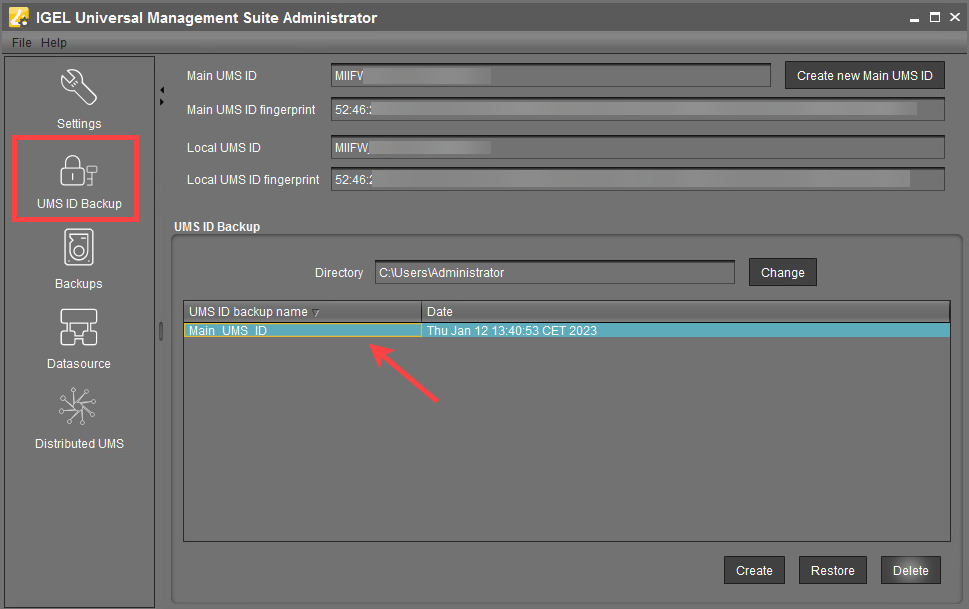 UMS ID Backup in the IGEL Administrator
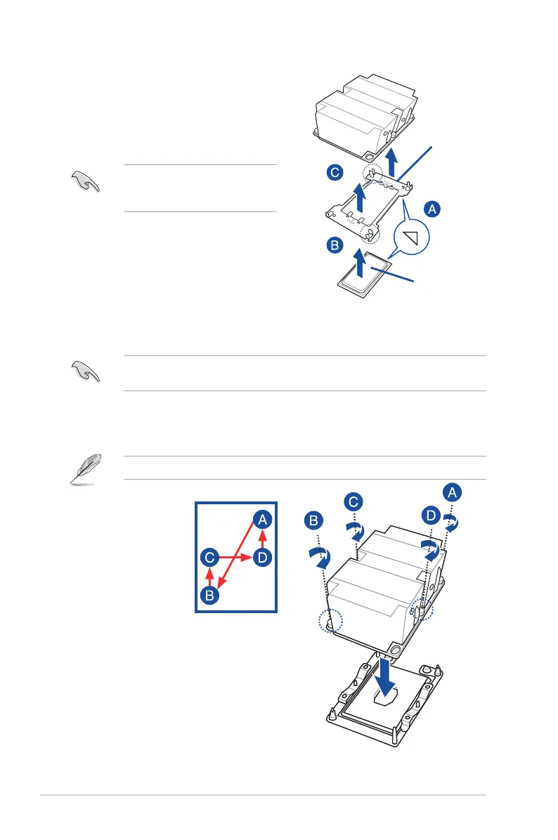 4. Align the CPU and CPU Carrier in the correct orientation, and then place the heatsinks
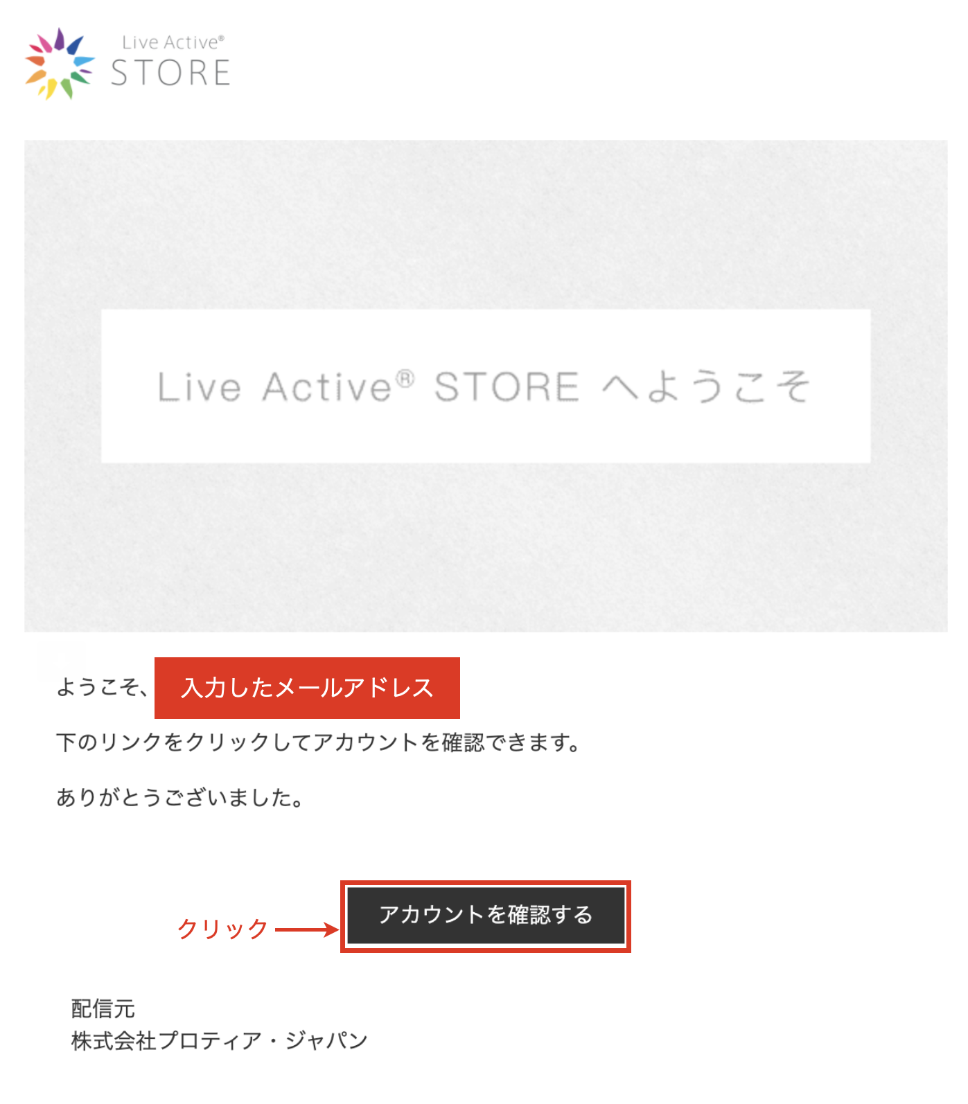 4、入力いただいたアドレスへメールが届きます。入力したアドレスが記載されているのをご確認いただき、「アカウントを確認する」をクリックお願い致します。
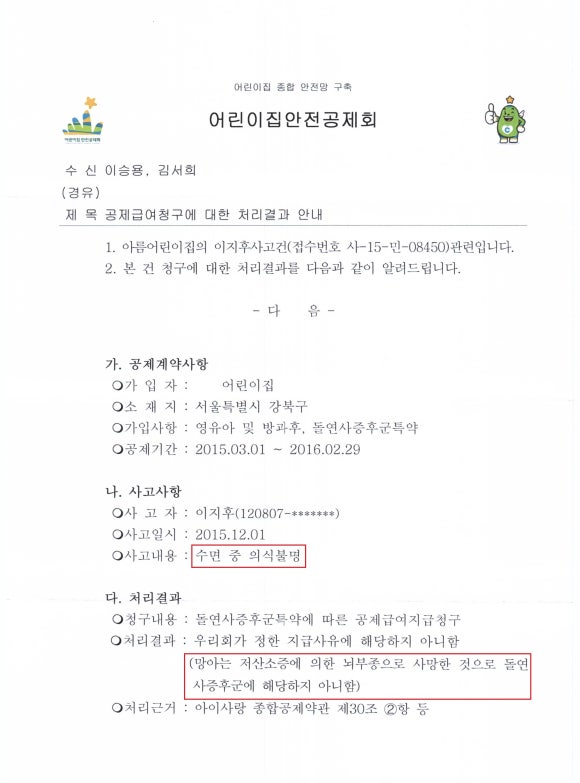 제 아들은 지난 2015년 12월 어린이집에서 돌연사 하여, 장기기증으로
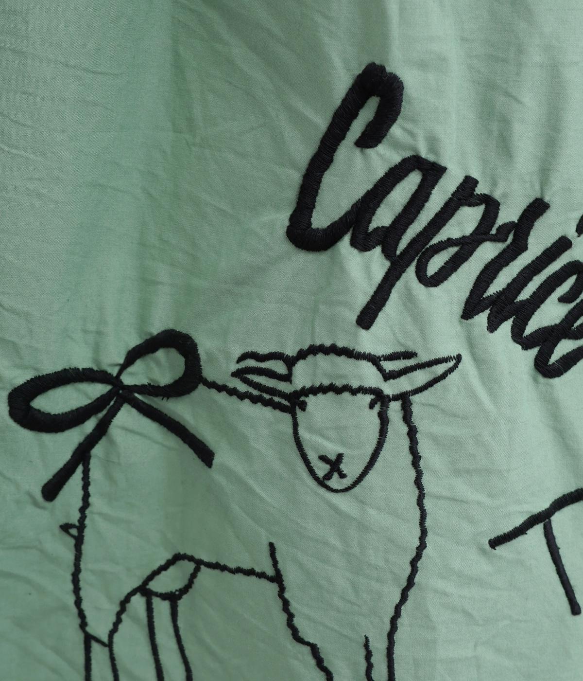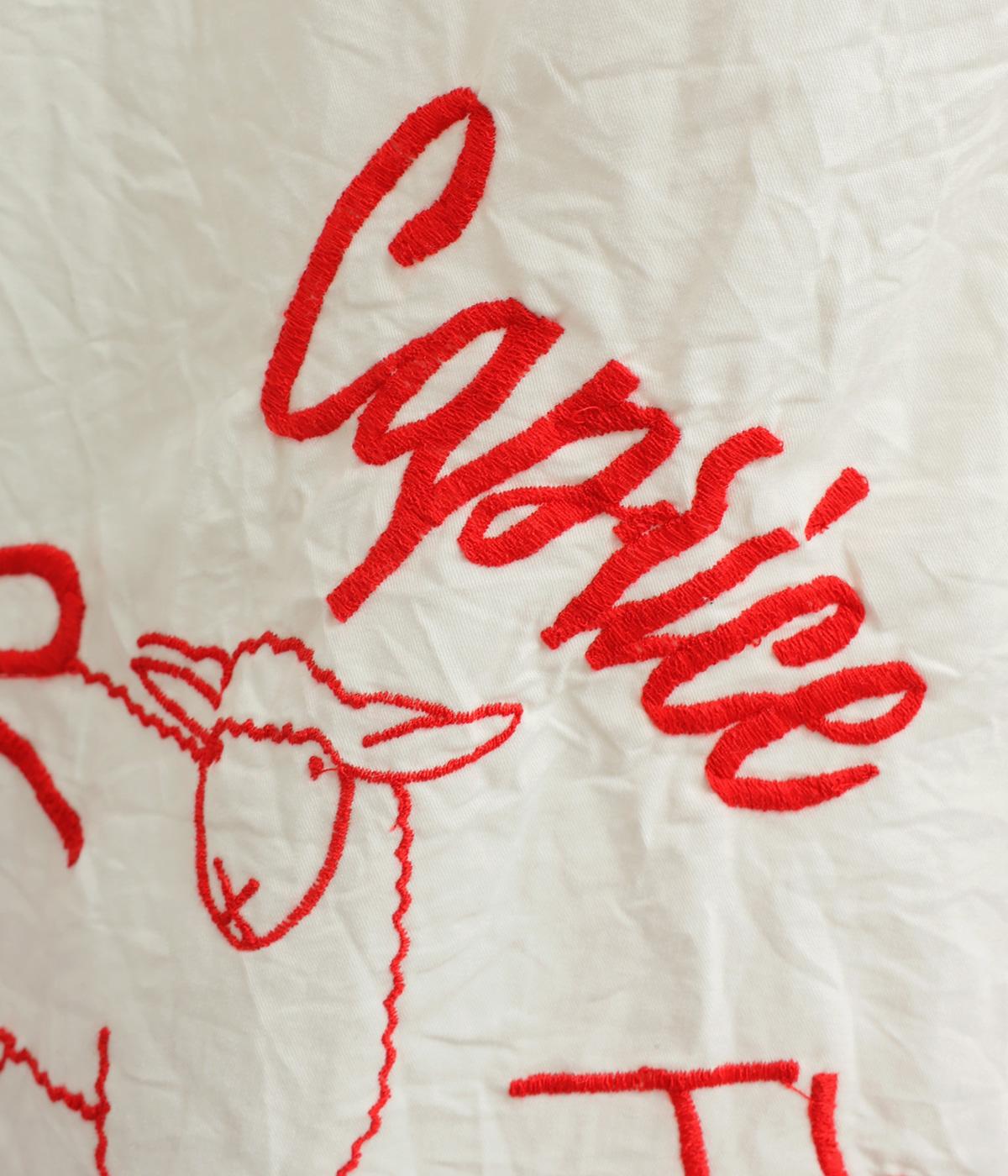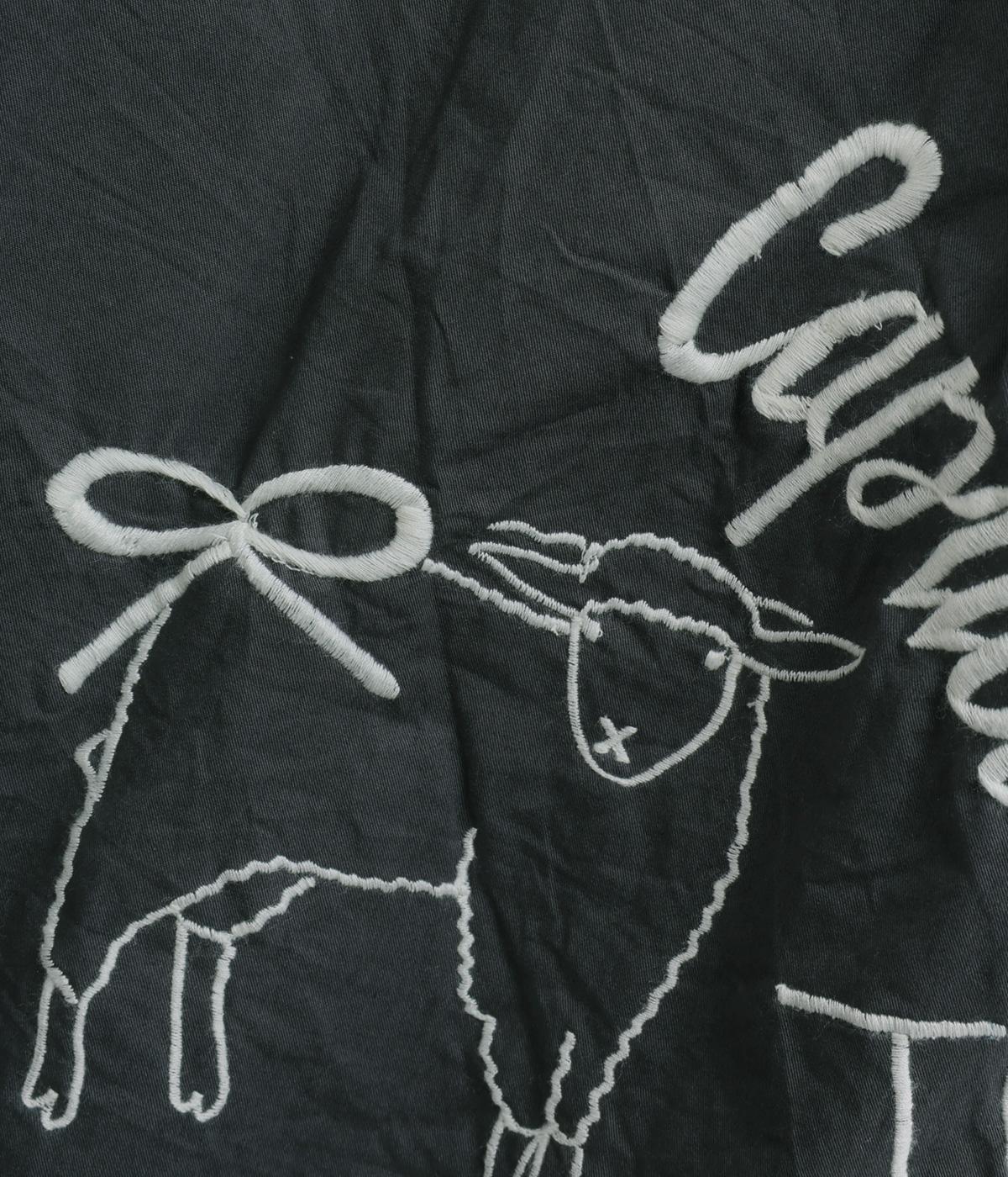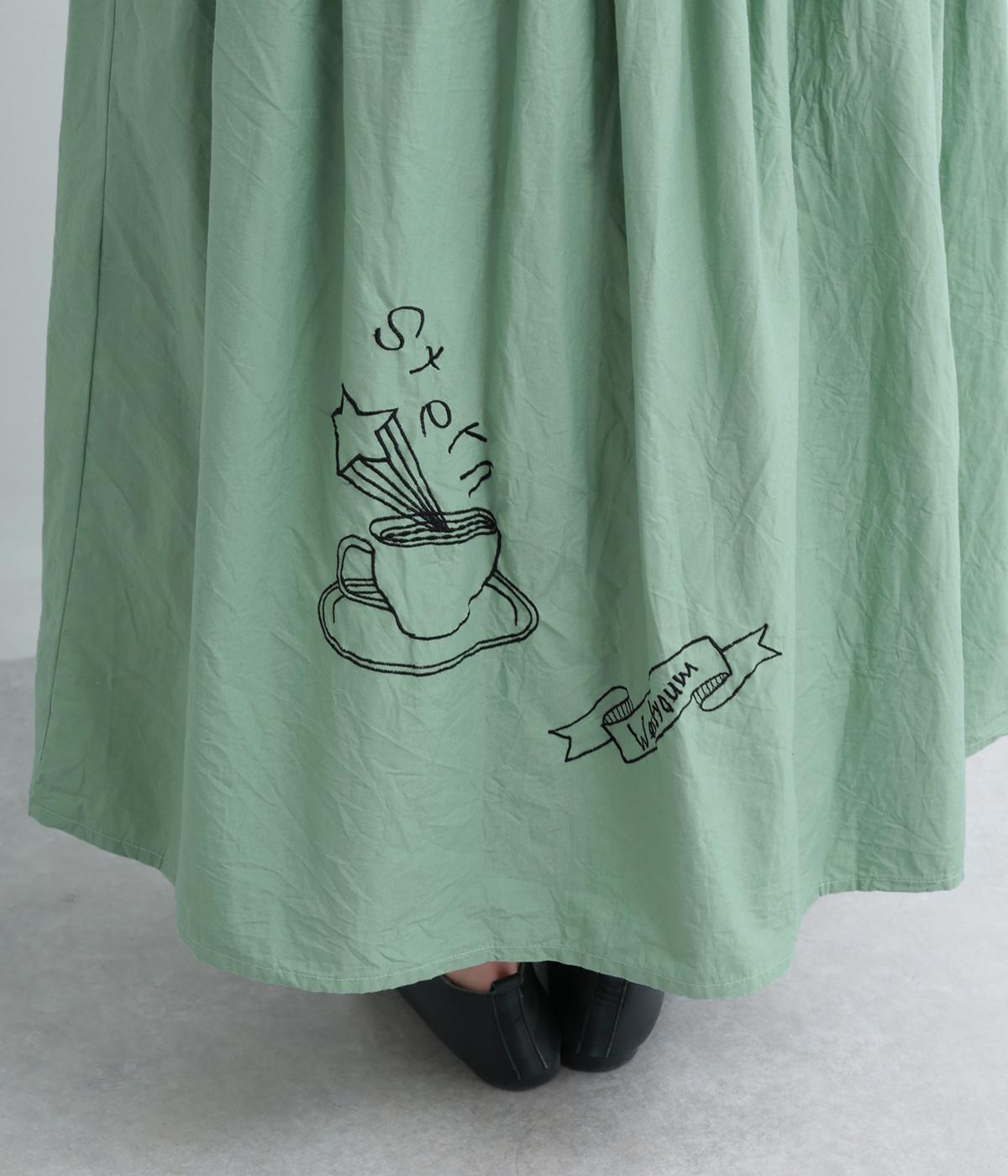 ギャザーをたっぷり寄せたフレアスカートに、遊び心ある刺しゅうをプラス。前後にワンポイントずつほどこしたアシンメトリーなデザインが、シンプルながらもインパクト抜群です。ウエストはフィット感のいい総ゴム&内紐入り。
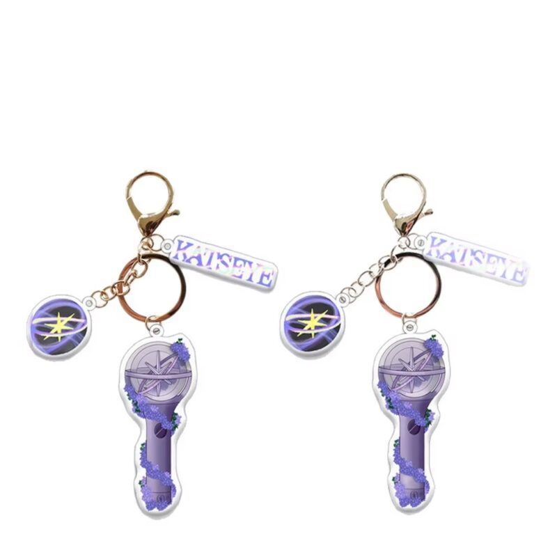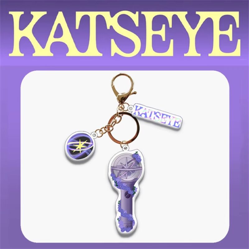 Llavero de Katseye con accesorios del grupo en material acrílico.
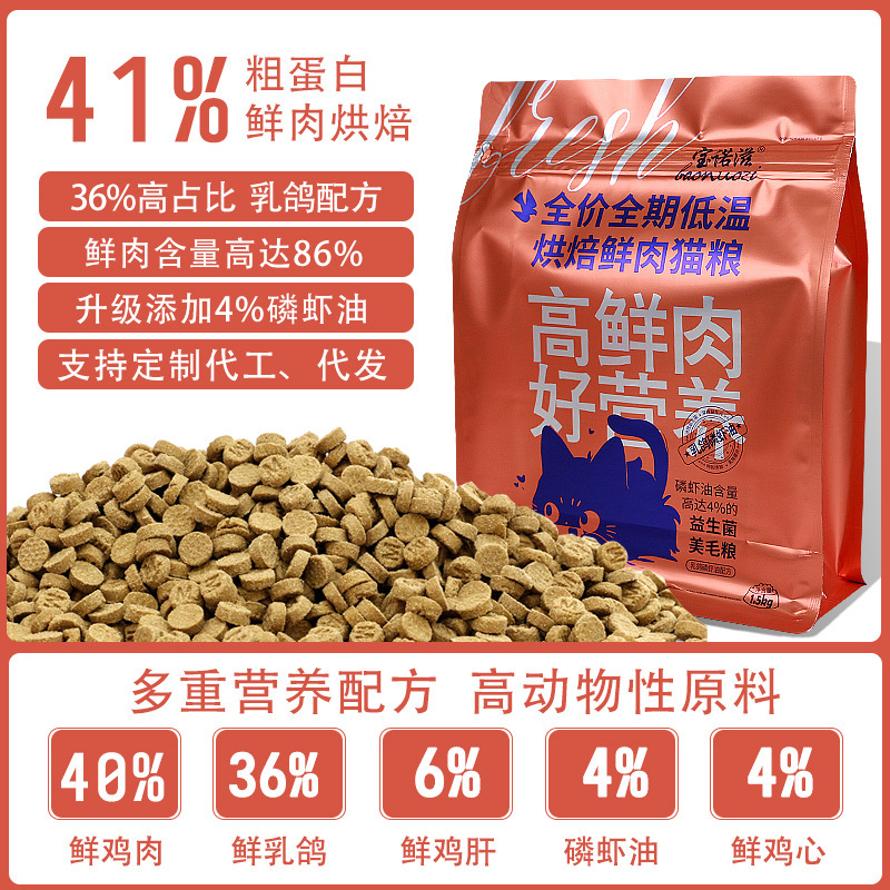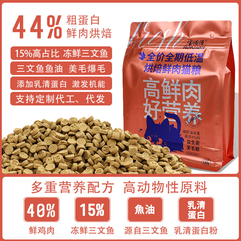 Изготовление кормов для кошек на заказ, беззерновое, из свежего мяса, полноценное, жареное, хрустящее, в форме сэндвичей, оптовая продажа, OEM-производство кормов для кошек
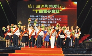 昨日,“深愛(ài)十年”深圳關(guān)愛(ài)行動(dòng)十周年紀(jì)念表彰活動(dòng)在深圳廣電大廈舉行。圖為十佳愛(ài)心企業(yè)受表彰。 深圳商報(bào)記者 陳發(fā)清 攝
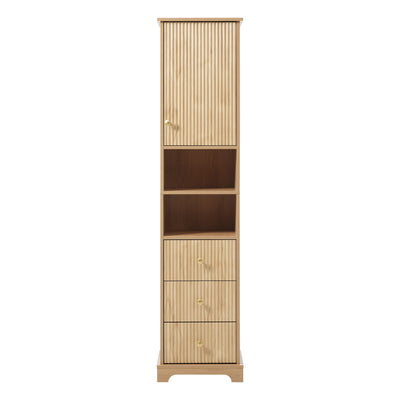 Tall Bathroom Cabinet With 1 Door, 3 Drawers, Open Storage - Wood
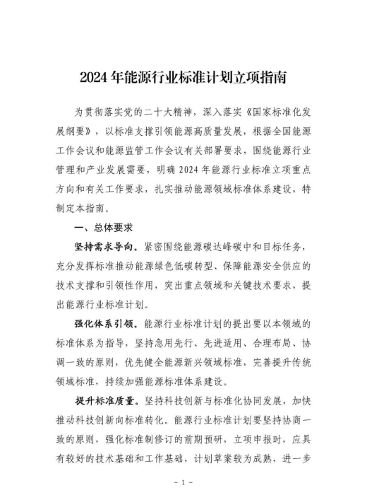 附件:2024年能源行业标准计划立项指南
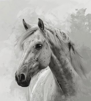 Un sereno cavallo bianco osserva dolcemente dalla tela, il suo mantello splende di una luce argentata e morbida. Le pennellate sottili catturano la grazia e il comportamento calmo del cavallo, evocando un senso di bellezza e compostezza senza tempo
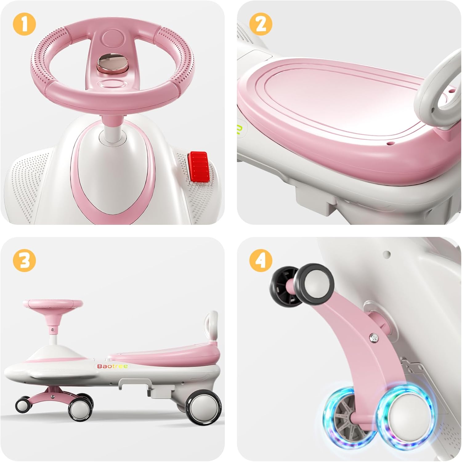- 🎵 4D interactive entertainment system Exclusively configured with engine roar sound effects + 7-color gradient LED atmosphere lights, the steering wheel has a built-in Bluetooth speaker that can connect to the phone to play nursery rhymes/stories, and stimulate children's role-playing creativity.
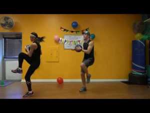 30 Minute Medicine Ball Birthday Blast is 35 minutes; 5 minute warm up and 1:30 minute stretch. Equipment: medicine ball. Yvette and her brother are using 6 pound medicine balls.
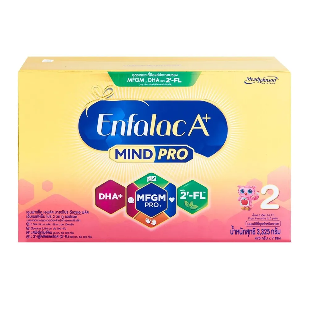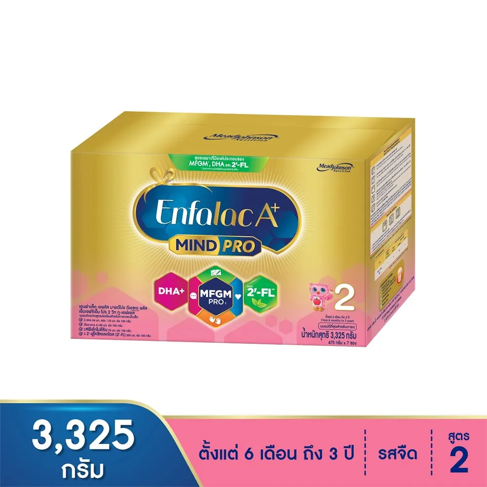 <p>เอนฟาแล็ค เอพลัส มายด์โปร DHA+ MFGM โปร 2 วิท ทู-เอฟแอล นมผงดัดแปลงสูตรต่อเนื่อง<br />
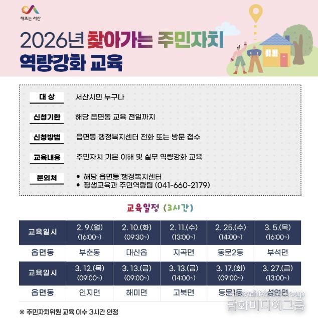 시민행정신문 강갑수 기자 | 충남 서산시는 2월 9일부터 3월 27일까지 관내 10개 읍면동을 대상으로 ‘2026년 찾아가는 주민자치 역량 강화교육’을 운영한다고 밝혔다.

——————————

- INSTRUCTIONS FOR THE TASK -
An exact copy of the material is required, minus the pictures.

- SOLUTION TO THIS TASK -
 UMS ID Backup in the IGEL Administrator
 4. Align the CPU and CPU Carrier in the correct orientation, and then place the heatsinks
 4、入力いただいたアドレスへメールが届きます。入力したアドレスが記載されているのをご確認いただき、「アカウントを確認する」をクリックお願い致します。
 제 아들은 지난 2015년 12월 어린이집에서 돌연사 하여, 장기기증으로
 ギャザーをたっぷり寄せたフレアスカートに、遊び心ある刺しゅうをプラス。前後にワンポイントずつほどこしたアシンメトリーなデザインが、シンプルながらもインパクト抜群です。ウエストはフィット感のいい総ゴム&内紐入り。
 Llavero de Katseye con accesorios del grupo en material acrílico.
 Изготовление кормов для кошек на заказ, беззерновое, из свежего мяса, полноценное, жареное, хрустящее, в форме сэндвичей, оптовая продажа, OEM-производство кормов для кошек
 昨日,“深愛(ài)十年”深圳關(guān)愛(ài)行動(dòng)十周年紀(jì)念表彰活動(dòng)在深圳廣電大廈舉行。圖為十佳愛(ài)心企業(yè)受表彰。 深圳商報(bào)記者 陳發(fā)清 攝
 Tall Bathroom Cabinet With 1 Door, 3 Drawers, Open Storage - Wood
 附件:2024年能源行业标准计划立项指南
 Un sereno cavallo bianco osserva dolcemente dalla tela, il suo mantello splende di una luce argentata e morbida. Le pennellate sottili catturano la grazia e il comportamento calmo del cavallo, evocando un senso di bellezza e compostezza senza tempo
- 🎵 4D interactive entertainment system Exclusively configured with engine roar sound effects + 7-color gradient LED atmosphere lights, the steering wheel has a built-in Bluetooth speaker that can connect to the phone to play nursery rhymes/stories, and stimulate children's role-playing creativity.
 30 Minute Medicine Ball Birthday Blast is 35 minutes; 5 minute warm up and 1:30 minute stretch. Equipment: medicine ball. Yvette and her brother are using 6 pound medicine balls.
 <p>เอนฟาแล็ค เอพลัส มายด์โปร DHA+ MFGM โปร 2 วิท ทู-เอฟแอล นมผงดัดแปลงสูตรต่อเนื่อง<br />
 시민행정신문 강갑수 기자 | 충남 서산시는 2월 9일부터 3월 27일까지 관내 10개 읍면동을 대상으로 ‘2026년 찾아가는 주민자치 역량 강화교육’을 운영한다고 밝혔다.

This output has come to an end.